■ WHAT TO WORK ON
Reproduce word for word, from the entries below, the line with "堅持使用有機低致敏成分,及天然植萃精華滋養肌膚・ 添加有機蘆薈、杏仁油使髮絲柔順光滑・ 天然植物成分溫和洗淨,洗後蓬鬆豐盈", the line with "GA/T 2331-2025 法庭科学 炸药成分检验 红外吸收光谱法", and every line between them, and nothing more.

━━━━━━━━━━━━━━━━━━━━

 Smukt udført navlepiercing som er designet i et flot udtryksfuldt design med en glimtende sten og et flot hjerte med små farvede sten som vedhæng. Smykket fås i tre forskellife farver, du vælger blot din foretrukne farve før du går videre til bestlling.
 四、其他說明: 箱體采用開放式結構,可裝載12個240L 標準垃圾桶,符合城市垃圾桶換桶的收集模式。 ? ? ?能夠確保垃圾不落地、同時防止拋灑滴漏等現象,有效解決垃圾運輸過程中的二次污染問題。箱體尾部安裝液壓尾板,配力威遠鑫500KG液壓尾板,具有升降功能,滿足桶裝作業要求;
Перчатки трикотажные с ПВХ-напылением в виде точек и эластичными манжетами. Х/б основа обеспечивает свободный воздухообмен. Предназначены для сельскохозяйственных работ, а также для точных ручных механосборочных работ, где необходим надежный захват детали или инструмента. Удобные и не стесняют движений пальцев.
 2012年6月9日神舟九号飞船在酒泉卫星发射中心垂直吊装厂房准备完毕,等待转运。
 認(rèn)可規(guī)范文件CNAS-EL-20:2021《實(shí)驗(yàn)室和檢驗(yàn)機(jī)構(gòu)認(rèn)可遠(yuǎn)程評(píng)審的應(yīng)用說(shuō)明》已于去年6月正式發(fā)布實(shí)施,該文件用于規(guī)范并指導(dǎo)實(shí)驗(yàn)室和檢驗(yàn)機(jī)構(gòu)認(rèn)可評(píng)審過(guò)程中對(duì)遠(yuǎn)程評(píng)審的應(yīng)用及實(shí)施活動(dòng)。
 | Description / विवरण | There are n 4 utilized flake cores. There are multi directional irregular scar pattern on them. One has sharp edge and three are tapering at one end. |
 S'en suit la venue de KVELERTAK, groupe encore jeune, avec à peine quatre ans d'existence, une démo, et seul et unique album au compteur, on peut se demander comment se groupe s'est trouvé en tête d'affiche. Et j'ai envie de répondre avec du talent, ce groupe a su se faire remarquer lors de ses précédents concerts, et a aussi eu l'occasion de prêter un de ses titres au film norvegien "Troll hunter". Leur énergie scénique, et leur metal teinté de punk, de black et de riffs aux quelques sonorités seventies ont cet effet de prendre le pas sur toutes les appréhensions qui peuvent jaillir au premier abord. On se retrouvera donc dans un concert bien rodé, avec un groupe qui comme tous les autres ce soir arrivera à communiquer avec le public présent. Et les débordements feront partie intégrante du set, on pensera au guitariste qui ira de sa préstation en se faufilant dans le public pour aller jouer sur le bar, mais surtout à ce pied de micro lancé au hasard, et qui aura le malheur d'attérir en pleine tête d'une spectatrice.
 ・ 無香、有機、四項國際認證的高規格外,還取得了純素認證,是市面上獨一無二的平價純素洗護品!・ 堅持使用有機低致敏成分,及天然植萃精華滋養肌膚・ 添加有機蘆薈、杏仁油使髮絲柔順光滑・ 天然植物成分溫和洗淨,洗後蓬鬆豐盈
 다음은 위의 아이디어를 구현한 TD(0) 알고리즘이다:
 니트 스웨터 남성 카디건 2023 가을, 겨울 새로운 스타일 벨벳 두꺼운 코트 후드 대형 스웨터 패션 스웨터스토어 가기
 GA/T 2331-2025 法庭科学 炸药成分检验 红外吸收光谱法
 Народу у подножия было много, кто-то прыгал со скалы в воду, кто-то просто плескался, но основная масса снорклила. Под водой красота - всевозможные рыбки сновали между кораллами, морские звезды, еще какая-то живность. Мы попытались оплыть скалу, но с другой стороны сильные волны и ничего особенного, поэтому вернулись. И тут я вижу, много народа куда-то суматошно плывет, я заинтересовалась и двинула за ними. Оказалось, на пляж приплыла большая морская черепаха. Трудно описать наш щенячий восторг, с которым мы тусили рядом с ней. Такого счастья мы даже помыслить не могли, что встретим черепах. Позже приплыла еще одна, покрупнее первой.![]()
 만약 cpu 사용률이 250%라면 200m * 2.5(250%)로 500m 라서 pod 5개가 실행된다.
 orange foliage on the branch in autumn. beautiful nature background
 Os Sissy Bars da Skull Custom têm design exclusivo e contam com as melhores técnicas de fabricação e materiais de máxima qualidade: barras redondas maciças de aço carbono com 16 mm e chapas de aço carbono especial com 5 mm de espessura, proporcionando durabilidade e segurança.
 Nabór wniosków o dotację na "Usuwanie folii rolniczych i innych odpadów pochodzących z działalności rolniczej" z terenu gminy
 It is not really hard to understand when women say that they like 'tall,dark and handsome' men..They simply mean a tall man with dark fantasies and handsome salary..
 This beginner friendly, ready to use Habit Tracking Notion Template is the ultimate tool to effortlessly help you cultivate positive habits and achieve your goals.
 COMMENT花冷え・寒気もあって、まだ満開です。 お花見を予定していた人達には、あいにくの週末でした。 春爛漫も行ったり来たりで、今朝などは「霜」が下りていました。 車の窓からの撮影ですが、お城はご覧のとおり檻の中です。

━━━━━━━━━━━━━━━━━━━━

■ WRITTEN SOLUTION
 ・ 無香、有機、四項國際認證的高規格外,還取得了純素認證,是市面上獨一無二的平價純素洗護品!・ 堅持使用有機低致敏成分,及天然植萃精華滋養肌膚・ 添加有機蘆薈、杏仁油使髮絲柔順光滑・ 天然植物成分溫和洗淨,洗後蓬鬆豐盈
 다음은 위의 아이디어를 구현한 TD(0) 알고리즘이다:
 니트 스웨터 남성 카디건 2023 가을, 겨울 새로운 스타일 벨벳 두꺼운 코트 후드 대형 스웨터 패션 스웨터스토어 가기
 GA/T 2331-2025 法庭科学 炸药成分检验 红外吸收光谱法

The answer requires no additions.